Dexamethasone and transdehydroandrosterone significantly reduce pulmonary epithelial cell injuries associated with mechanical ventilation.

机构信息

Biomedical Research Centre, Qatar University, Doha, Qatar.

Department of Chemistry and Earth Sciences, Qatar University, Doha, Qatar.

出版信息

J Appl Physiol (1985). 2021 Apr 1;130(4):1143-1151. doi: 10.1152/japplphysiol.00574.2020. Epub 2021 Feb 18.

Abstract

Many patients who suffer from pulmonary diseases cannot inflate their lungs normally, as they need mechanical ventilation (MV) to assist them. The stress associated with MV can damage the delicate epithelium in small airways and alveoli, which can cause complications resulting in ventilation-induced lung injuries (VILIs) in many cases, especially in patients with acute respiratory distress syndrome (ARDS).
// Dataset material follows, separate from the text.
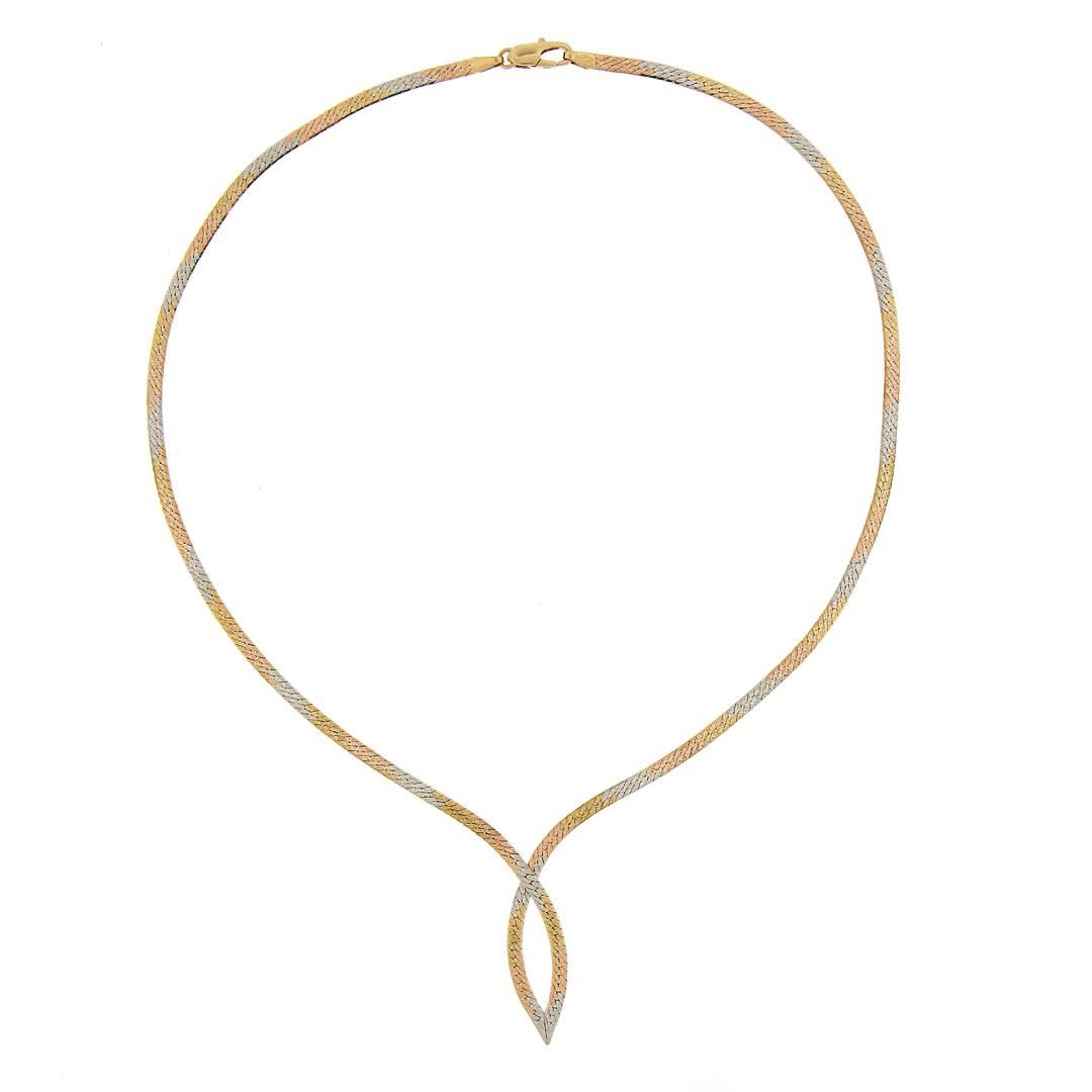 A solid 14k yellow, rose & white gold chevron chain necklace. 17 inch snake link chain, 9.43 grams total weight, center piece measures 29.1x10.3mm.

Therefore, efforts were directed to develop safe modes for MV. In our work, we propose a different approach to decrease injuries of epithelial cells (EpCs) upon MV. We alter EpCs' cytoskeletal structure to increase their survival rate during airway reopening conditions associated with MV. We tested two anti-inflammatory drugs dexamethasone (DEX) and transdehydroandrosterone (DHEA) to alter the cytoskeleton. Cultured rat L2 alveolar EpCs were exposed to airway reopening conditions using a parallel-plate perfusion chamber. Cells were exposed to a single bubble propagation to simulate stresses associated with mechanical ventilation in both control and study groups. Cellular injury and cytoskeleton reorganization were assessed via fluorescence microscopy, whereas cell topography was studied via atomic force microscopy (AFM). Our results indicate that culturing cells in media, DEX solution, or DHEA solution did not lead to cell death (static cultures). Bubble flows caused significant cell injury. Preexposure to DEX or DHEA decreased cell death significantly. The AFM verified alteration of cell mechanics due to actin fiber depolymerization. These results suggest potential beneficial effects of DEX and DHEA for ARDS treatment for patients with COVID-19. They are also critical for VILIs and applicable to future clinical studies. Preexposure of cultured cells to either dexamethasone or transdehydroandrosterone significantly decreases cellular injuries associated with mechanical ventilation due to their ability to alter the cell mechanics. This is an alternative protective method against VILIs instead of common methods that rely on modification of mechanical ventilator modes.

摘要

许多患有肺部疾病的患者无法正常充气,因为他们需要机械通气 (MV) 来辅助呼吸。MV 带来的压力会损害小气道和肺泡中的脆弱上皮细胞,这可能导致许多情况下的并发症,进而导致通气引起的肺损伤 (VILI),尤其是在患有急性呼吸窘迫综合征 (ARDS) 的患者中。因此,人们努力开发安全的 MV 模式。在我们的工作中,我们提出了一种不同的方法来减少 MV 引起的上皮细胞 (EpC) 损伤。我们改变 EpC 的细胞骨架结构,以增加它们在与 MV 相关的气道再开放条件下的存活率。我们测试了两种抗炎药物地塞米松 (DEX) 和去氢表雄酮 (DHEA) 来改变细胞骨架。使用平行板灌注室使培养的大鼠 L2 肺泡 EpC 暴露于气道再开放条件下。在对照和研究组中,细胞都暴露于单个气泡传播以模拟与机械通气相关的应激。通过荧光显微镜评估细胞损伤和细胞骨架重组,通过原子力显微镜 (AFM) 研究细胞形貌。我们的结果表明,在培养基、DEX 溶液或 DHEA 溶液中培养细胞不会导致细胞死亡(静态培养)。气泡流动会导致明显的细胞损伤。预先暴露于 DEX 或 DHEA 可显著降低细胞死亡。AFM 验证了由于肌动蛋白纤维解聚导致的细胞力学变化。这些结果表明 DEX 和 DHEA 对 COVID-19 患者 ARDS 治疗具有潜在的有益作用。它们对于 VILI 也很关键,并且适用于未来的临床研究。培养细胞预先暴露于地塞米松或去氢表雄酮可显著降低与机械通气相关的细胞损伤,因为它们能够改变细胞力学。这是一种替代的 VILI 保护方法,而不是依赖于修改机械呼吸机模式的常见方法。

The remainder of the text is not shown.